Correlation between the Cation Disorders of Fe3+ and Li+ in P3-Type Na-0.67[Li-0.1(Fe0.5Mn0.5)(0.9)]O-2 for Sodium Ion Batteries

Abstract

Various Fe-based layered oxide materials have received attention as promising cathode materials for sodium ion batteries because of their low cost and high specific capacity. Only a few P3-type Fe-based oxide materials, however, have been examined as cathodes because the synthesis of highly crystalline P3-type Fe-based oxides is not facile. For this reason, the structural merits of the P3 structure are not yet fully understood. Herein, highly crystalline P3-type Na-0.67[Li-0.1(Fe0.5Mn0.5)(0.9)]O-2 heated at 900 degrees C is introduced to improve the electrochemical performance of Fe-based layered oxides.
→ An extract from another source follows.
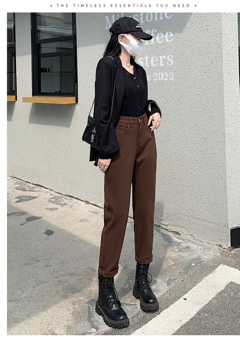 2022 新スタイルブラウンストレッチハーレムパンツハイウエストジーンズ子供春と秋ストレートルーズパパパンツは薄い ハイウェスト スプリング 春物 オータム 秋物 youqi3277471381

The structures, reaction mechanisms, and electrochemical performances of P3 Na-0.67[Li-0.1(Fe0.5Mn0.5)(0.9)]O-2, P2 Na-0.57[Li-0.1(Fe0.5Mn0.5)(0.9)]O-2, and P2 Na-0.67[Fe0.5Mn0.5]O-2 are compared to demonstrate the roles of Li+ doping in the improved electrochemical performance of P3 Na-0.67[Li-0.1(Fe0.5Mn0.5)(0.9)]O-2, such as stable capacity retention over 100 cycle s. P3 Na-0.67[Li-0.1(Fe0.5Mn0.5)(0.9)]O-2 significantly suppresses the migration of Fe3+ ions to tetrahedral sites in the Na layer during cycling because the cation disorder of Li+ is more favorable than that of Fe3+. As a result, P3 Na-0.67[Li-0.1(Fe0.5Mn0.5)(0.9)]O-2 shows better cycle performance than P2 Na-0.67[Fe0.5Mn0.5]O-2. P3 Na-0.67[Li-0.1(Fe0.5Mn0.5)(0.9)]O-2 also exhibits an improved rate performance compared to P2 Na-0.67[Fe0.5Mn0.5]O-2. This finding provides fundamental insights to improve the electrochemical performance of layered oxide cathode materials for sodium ion batteries.